How history repeats itself – ironically, if not farcically. More than 100 years ago, the Irish Parliamentary Party held the balance of power at Westminster, forcing prime minister HH Asquith’s hand on Home Rule for Ireland.
And now, in an almost comedic re-run, an Irish political party – the Democratic Unionist Party (DUP) – holds the balance of power at Westminster, and will force Prime Minister Theresa May’s hand to follow their agenda.
Back in the 1900s, there was a certain amount of patronising attitudes, if not outright sneering, at the Irish MPs for their provincial ways (although the House missed their eloquence and wit once they departed, after 1918).
A hundred years later, there’s a similar level of patronising and sometimes snooty London attitudes to the 10 Ulster MPs, for their “social conservatism” – which is code for “provincial and backward”.
On BBC One on Sunday morning, politicians and commentators – including Sir Michael Fallon – very quickly distanced themselves, or even expressed alarm, at the DUP’s “social conservatism”, especially around the issues of gay rights and abortion.

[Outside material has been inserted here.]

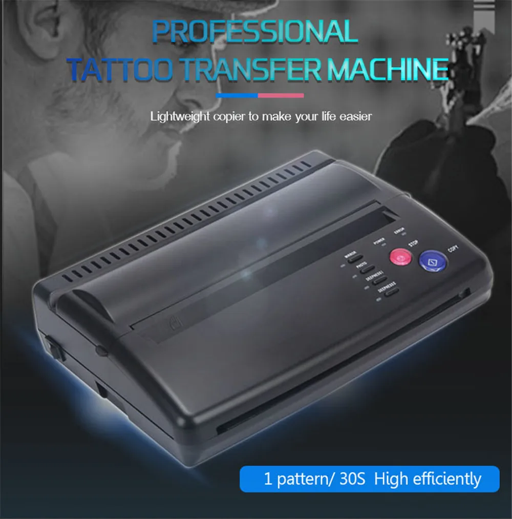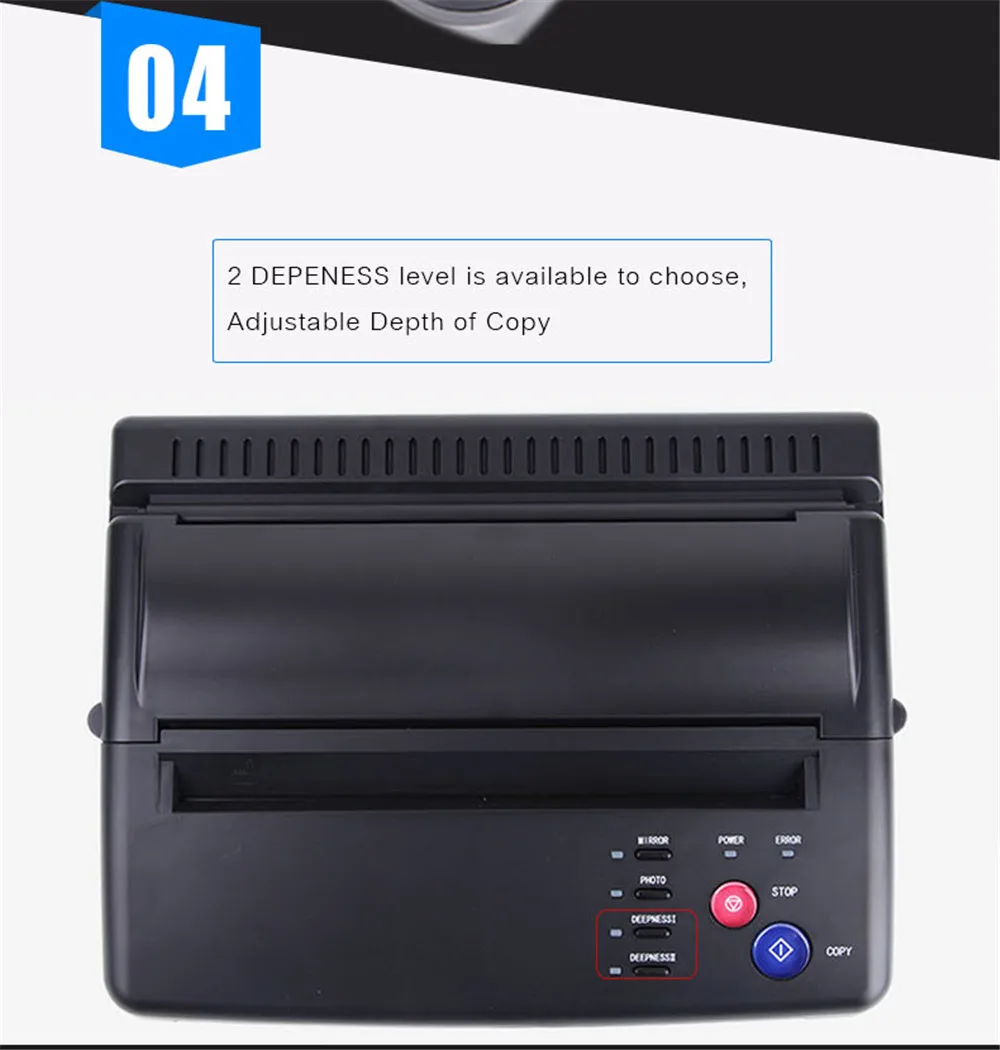 Описание:100% новый и высокое качествоТепловой копир позволяет татуировщику сделать копию дизайна, который затем может быть перенесен на кожу человека, получающего татуировку, убедитесь, что татуировщик получит именно то, что он или она хочетОбновленная версия тату-принтера, оптимизация качества для лучшей передачи татуировокСкопированные документы по типам глубины 1 и глубины 2 для тонкой линии и тяжелой линииСупер отлично подходит для переводной бумаги и специально для тату-художника

In Scotland, the successful Ruth Davidson had given the lead by tweeting a warning against the DUP’s “socially conservative” attitudes.
Everyone seemed quick to say that they couldn’t possibly agree with what Andrew Neil called “working-class Protestants with old-fashioned values”. The BBC’s assistant political editor Norman Smith suggested, on Radio 4, that the DUP’s biblical profile could “re-toxify” the Conservative party.